Source records:
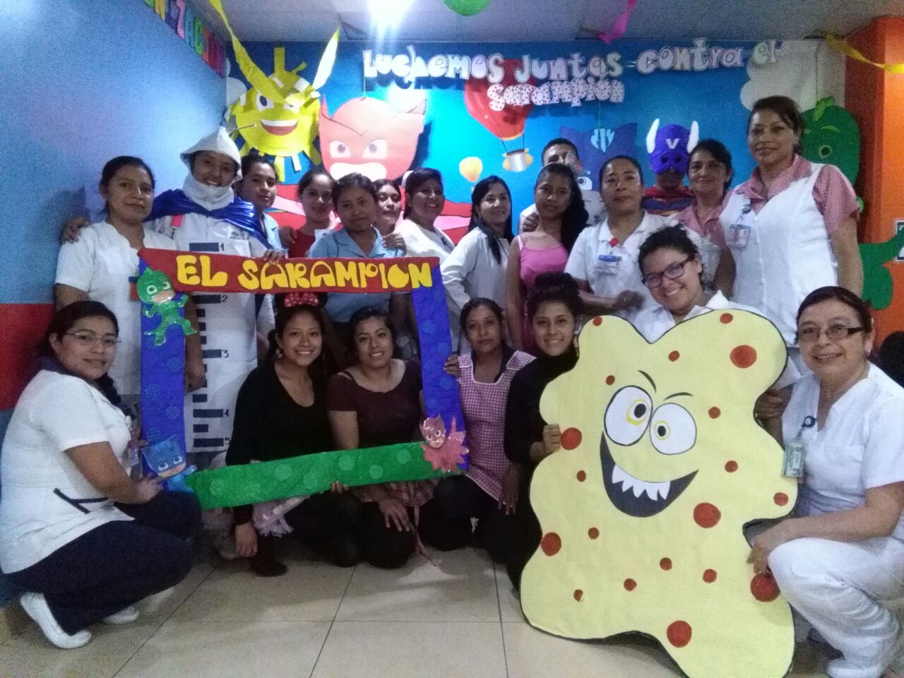 Finalmente, estudiantes de la Escuela de Auxiliares de Enfermería del Instituto Guatemalteco de Seguridad Social (IGSS) presentaron el sociodrama “Súper Vacuna”, representando la lucha de este superhéroe contra el sarampión.
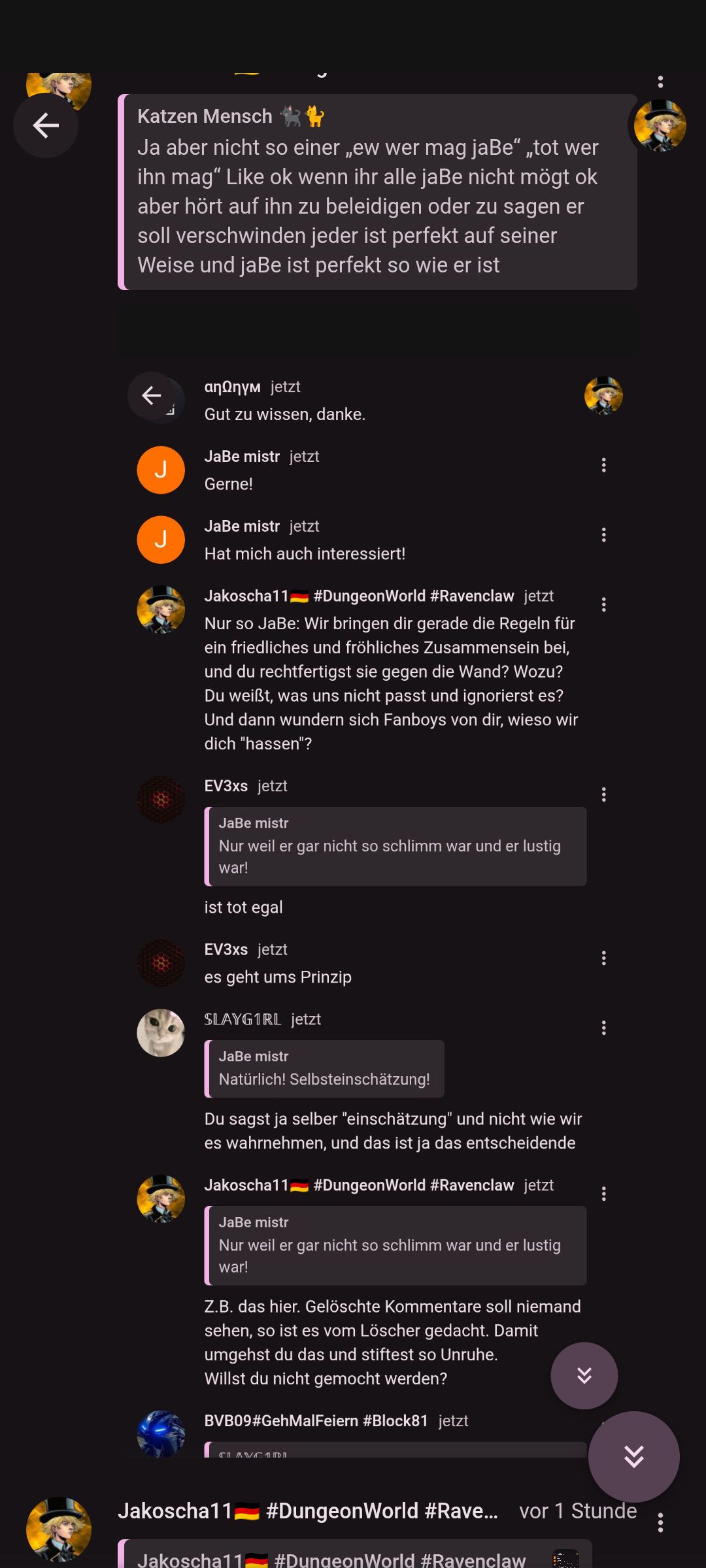 Ok. Kann nd jeder seine eigene Meinung haben? Ok, gut dann magst du JaBe eben. Allerdings haben wir Gründe, dies nicht zu tun, da er tatsächlich Spammt und ich persönlich weiß nicht, wie man so Freunde finden kann, mich persönlich nerven die emojibomben. JaBe nervt mich, das bleibt auch so nach dem Beitrag.
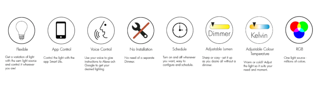 With our smart products, you can effortlessly control your lighting from anywhere. Turn lights on or off, adjust brightness, change colors, or set schedules—all with a tap on your smartphone. Wake up to a gentle glow, enjoy optimal lighting for work, and create a cozy ambiance in the evening, even with different colors. Easily managed through the Smart Life app or voice commands via Google Home or Alexa, Smart Light adapts to your needs and simplifies your daily life.
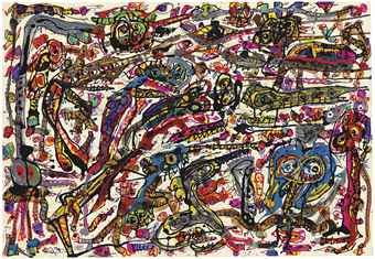Acrylic ink, watercolour, wax crayon, graphite on paper
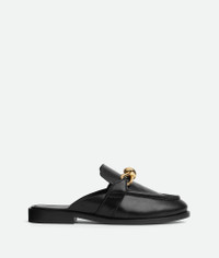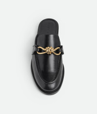 Open-back loafer realised in soft calfskin leather with signature metallic knot detail. Product Details - Leather open-back loafer - Signature metallic knot detail - Material: Calfskin - Lining: Calfskin - Color: Black - Leather outsole - Made in: Italy - Product code: 817519V5DZ01000
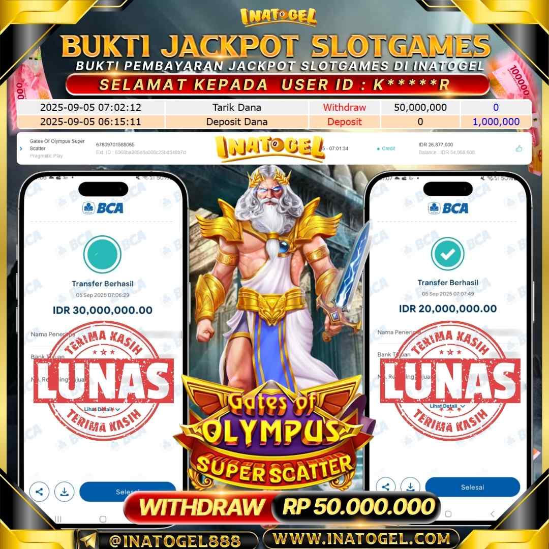 Inatogel Jackpot SlotGame Gates Of Olympus Super Scatter Rp50,000,000
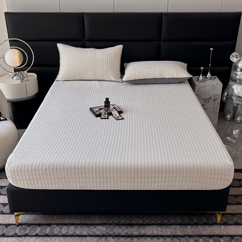 • 91家纺网 家纺一手货源 找家纺 菡宝 2024新款素色烂花床笠 菱形白
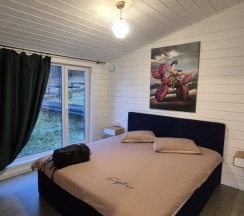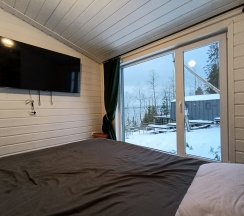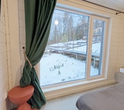 Уютный глемпинг, с чистым домиком в современном дизайне. Из гостинной открывается прекрасный панорамный вид на реку. Очень понравился чан с аппельсиново-пихтовой заправкой. Рекомендуем для спокойного расслабляющего отдыха

Exercise directions: Leaving out every picture, copy exactly the lines from the one that contains "Ok. Kann nd" through the end of the entries above.

Response to the exercise:
 Ok. Kann nd jeder seine eigene Meinung haben? Ok, gut dann magst du JaBe eben. Allerdings haben wir Gründe, dies nicht zu tun, da er tatsächlich Spammt und ich persönlich weiß nicht, wie man so Freunde finden kann, mich persönlich nerven die emojibomben. JaBe nervt mich, das bleibt auch so nach dem Beitrag.
 With our smart products, you can effortlessly control your lighting from anywhere. Turn lights on or off, adjust brightness, change colors, or set schedules—all with a tap on your smartphone. Wake up to a gentle glow, enjoy optimal lighting for work, and create a cozy ambiance in the evening, even with different colors. Easily managed through the Smart Life app or voice commands via Google Home or Alexa, Smart Light adapts to your needs and simplifies your daily life.
Acrylic ink, watercolour, wax crayon, graphite on paper
 Open-back loafer realised in soft calfskin leather with signature metallic knot detail. Product Details - Leather open-back loafer - Signature metallic knot detail - Material: Calfskin - Lining: Calfskin - Color: Black - Leather outsole - Made in: Italy - Product code: 817519V5DZ01000
 Inatogel Jackpot SlotGame Gates Of Olympus Super Scatter Rp50,000,000
 • 91家纺网 家纺一手货源 找家纺 菡宝 2024新款素色烂花床笠 菱形白
 Уютный глемпинг, с чистым домиком в современном дизайне. Из гостинной открывается прекрасный панорамный вид на реку. Очень понравился чан с аппельсиново-пихтовой заправкой. Рекомендуем для спокойного расслабляющего отдыха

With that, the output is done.